California_Housing_Price_Prediction

picture alt

Business Problem:

To predict the prices of houses in Californa based on their different specifications and locations

Description :

The Dataset is built using the 1990 California census data. It contains one row per census block group. A block group is the smallest geographical unit for which the U.S. Census Bureau publishes sample data (a block group typically has a population of 600 to 3,000 people).

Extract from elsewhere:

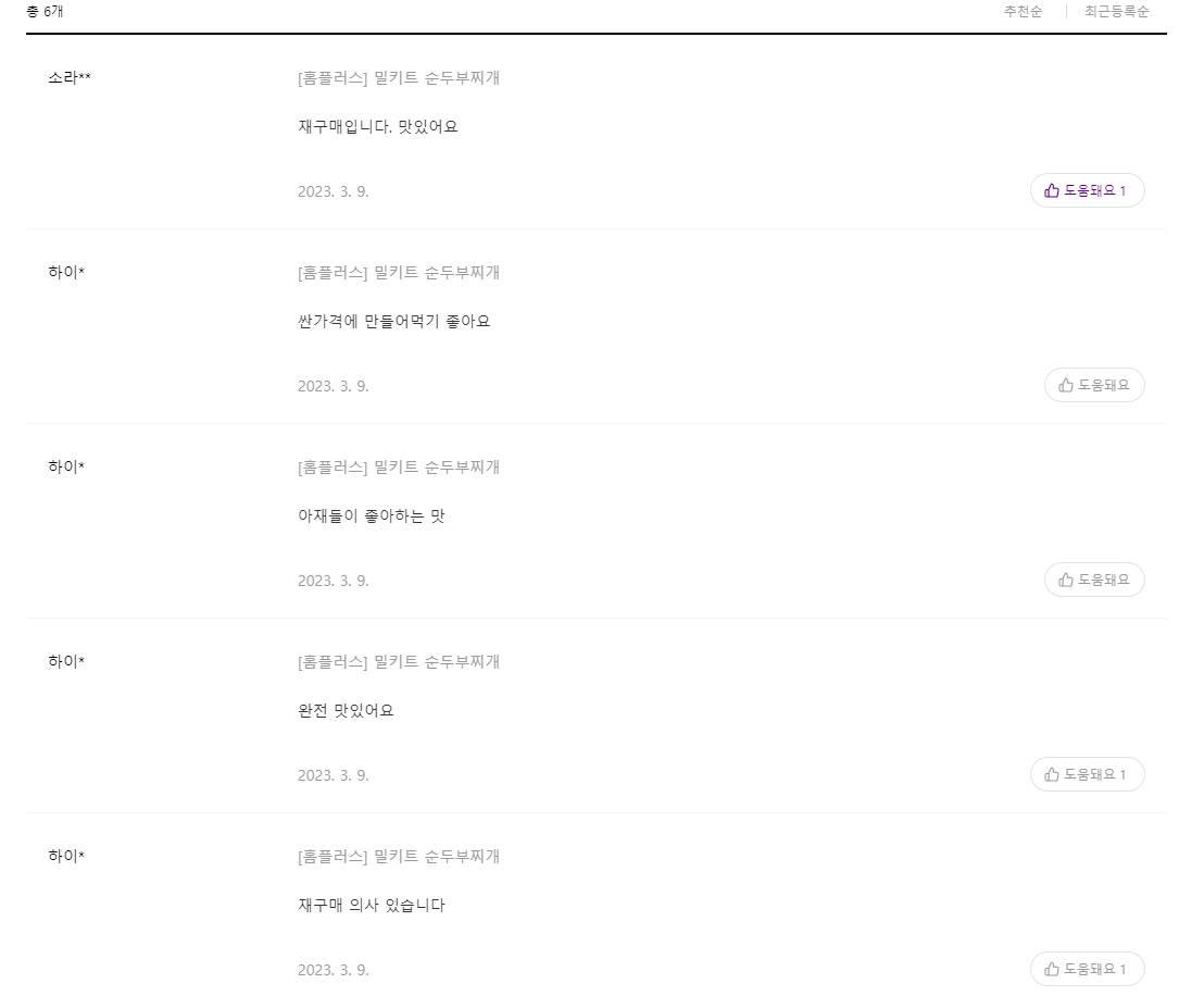 신규 리뷰 페이지와 베스트 리뷰페이지에는 3가지 정렬 기능이 있다. 기본적으로 각각 신규 리뷰순, 베스트 리뷰순이 있고, 공통으로 낮은 가격순, 높은 가격순으로 정렬이 가능합니다. 밑의 이미지를 보면 낮은 가격순으로 정렬된 모습을 볼 수 있습니다.

The information was collected on the variables using all the block groups in California from the 1990 Census. In this sample a block group on average includes 1425.5 individuals living in a geographically compact area. Naturally, the geographical area included varies inversely with the population density. Distances were computed among the centroids of each block group as measured in latitude and longitude and all the districts reporting zero entries for the independent and dependent variables were excluded. The final data contained 20,640 observations on 9 variables. The dependent variable is ln(median house value). The other variables are as follows:

longitude: A measure of how far west a house is; a higher value is farther west

latitude: A measure of how far north a house is; a higher value is farther north

housing_Median_Age: Median age of a house within a block; a lower number is a newer building

total_Rooms: Total number of rooms within a block

total_Bedrooms: Total number of bedrooms within a block

population: Total number of people residing within a block

households: Total number of households, a group of people residing within a home unit, for a block

median_Income: Median income for households within a block of houses (measured in tens of thousands of US Dollars)

median_House_Value: Median house value for households within a block (measured in US Dollars)

ocean_Proximity: Location of the house w.r.t ocean/sea